Source data –
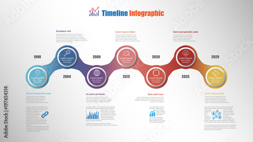 Modern timeline infographic with 7 steps circle designed for template brochure diagram planning presentation process webpages workflow. Vector illustration
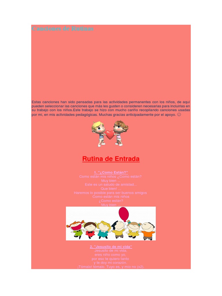 Estas canciones han sido pensadas para las actividades permanentes con los niños, de aquí
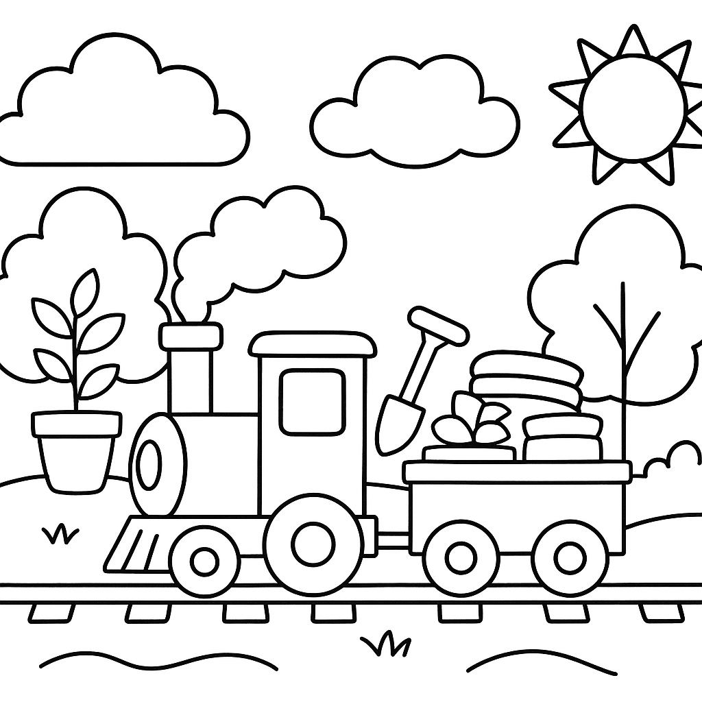 A simple coloring page featuring a train carrying supplies for building new parks and gardens. Perfect for kids (4-6) with large, bold outlines for a fun coloring experience.

Work to complete –
Beginning at the line that contains "Estas canciones han" and ending at the last line of the data, return each line exactly; no picture belongs in the copy.

Answer box –
 Estas canciones han sido pensadas para las actividades permanentes con los niños, de aquí
 A simple coloring page featuring a train carrying supplies for building new parks and gardens. Perfect for kids (4-6) with large, bold outlines for a fun coloring experience.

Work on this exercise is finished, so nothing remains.